Быть может, на меня так действует пронзительный голос герцога. Быть может, полная достоинства неподвижность создания, похожего на покрытого броней червя. На червя с человеческими ногами и руками.
Но я встаю на колени.
В этом создании что-то есть.
Что-то упрекающее.
Церковь учит нас видеть страдающего Христа в каждом создании. И не только Церковь. В унынии тюрьмы, за несколько месяцев до того, как быть убитой фрайкором, Роза Люксембург сделала выдающуюся запись о страдании пары запряженных в повозку быков.
Я осеняю себя крестным знамением.
Создание поворачивает голову в мою сторону. Голову без глаз и ушей. Безо рта.
Оно наклоняется.
— Что это за глупости? Встаньте! Не будьте смешным! — голос герцога пронзителен, груб. Я же, напротив, говорю уверенно и громко:
— Ангел Божий, его покровитель, просвети, сохрани, направь и позаботься об этом создании, порученном тебе милосердием небесным, аминь.
Какая-то рука с силой дергает меня. Она пытается поднять меня на ноги.
— Давай, священник! Ты слышал, что сказал герцог! Давай, поднимайся!

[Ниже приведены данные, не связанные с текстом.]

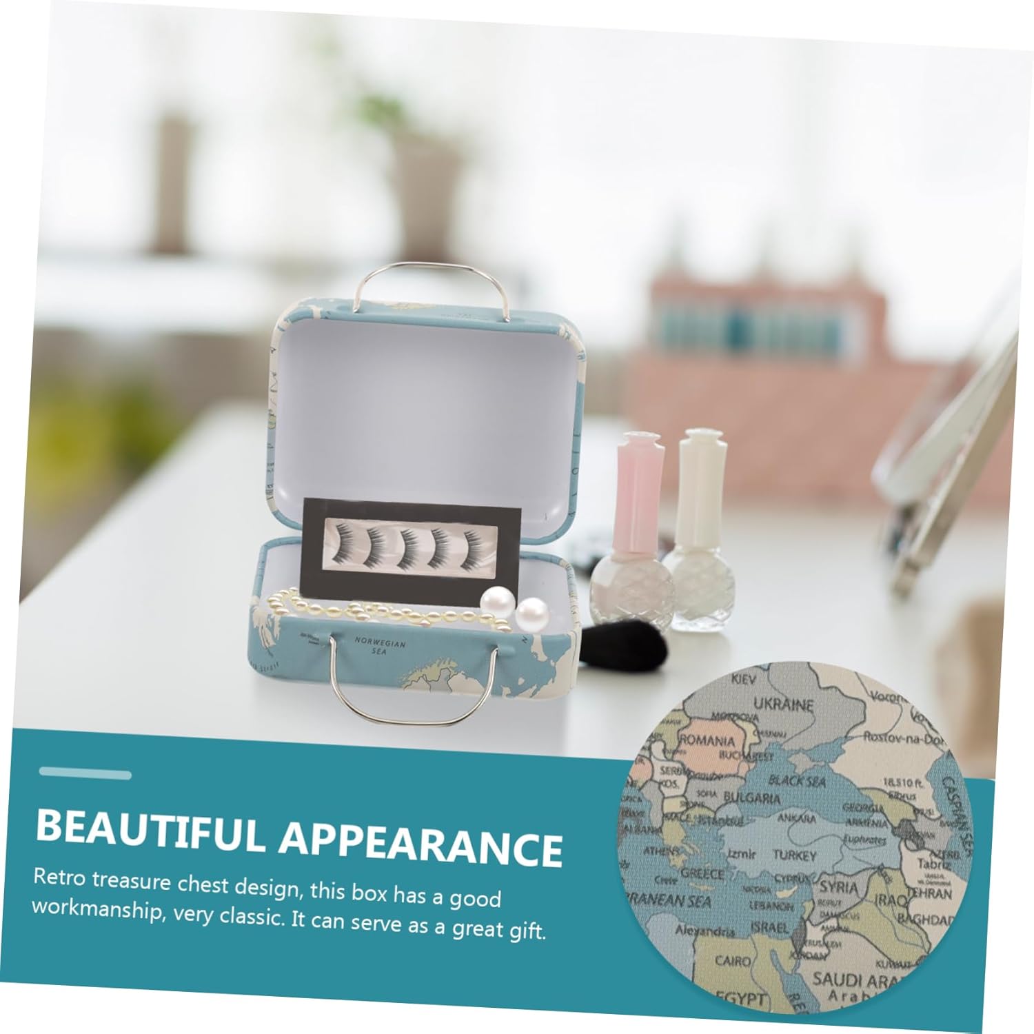 Custodia per ciglia finte: struttura semplice, facile da aprire o chiudere, ottiene un migliore effetto decorativo e offre una sensazione di applicazione soddisfacente. Valigia per ragazze - Questa scatola portaoggetti ha un design retrò chic e può essere posizionata sulla scrivania come decorazione. Custodia per ciglia finte: la lavorazione dettagliata e l'aspetto della mappa del mondo rendono questo portagioie popolare e pratico. Piccola valigia da viaggio: con capacità sufficiente, può essere utilizzata per riporre gioielli ma anche altri piccoli oggetti di cui hai bisogno. Mini valigia retrò: dimensioni compatte e peso leggero, occupa molto spazio sul tavolo o sulla cassettiera.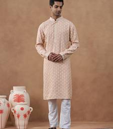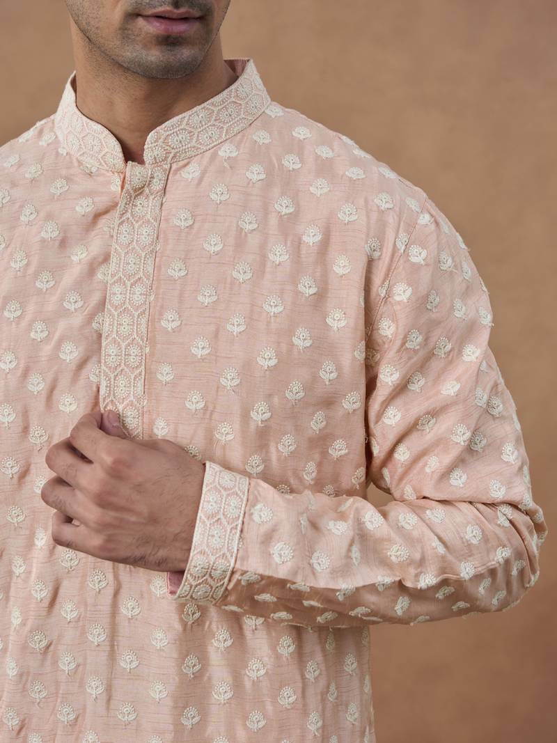 Pink cotton silk embroidered kurta for men's

Рука Туччи поднимается. Связка ключей, которую он сжимает в левой руке, позвякивает. В другой у коннетабля дубинка. Он замахивается и обрушивает ее на мою голову.
В этот момент что-то черное и мощное мелькает между мной и Туччи. Что-то вроде руки. Но нет: это язык. Язык этого создания, длиной в метр. Он молниеносно вылетает из-за решетки один, затем второй раз. Со второй попытки ему удается обернуться вокруг руки коннетабля. Язык возвращается в невидимый рот существа, а рука Туччи, оторванная от тела, падает к подножию клетки. Она все еще сжимает покрытую шипами дубину.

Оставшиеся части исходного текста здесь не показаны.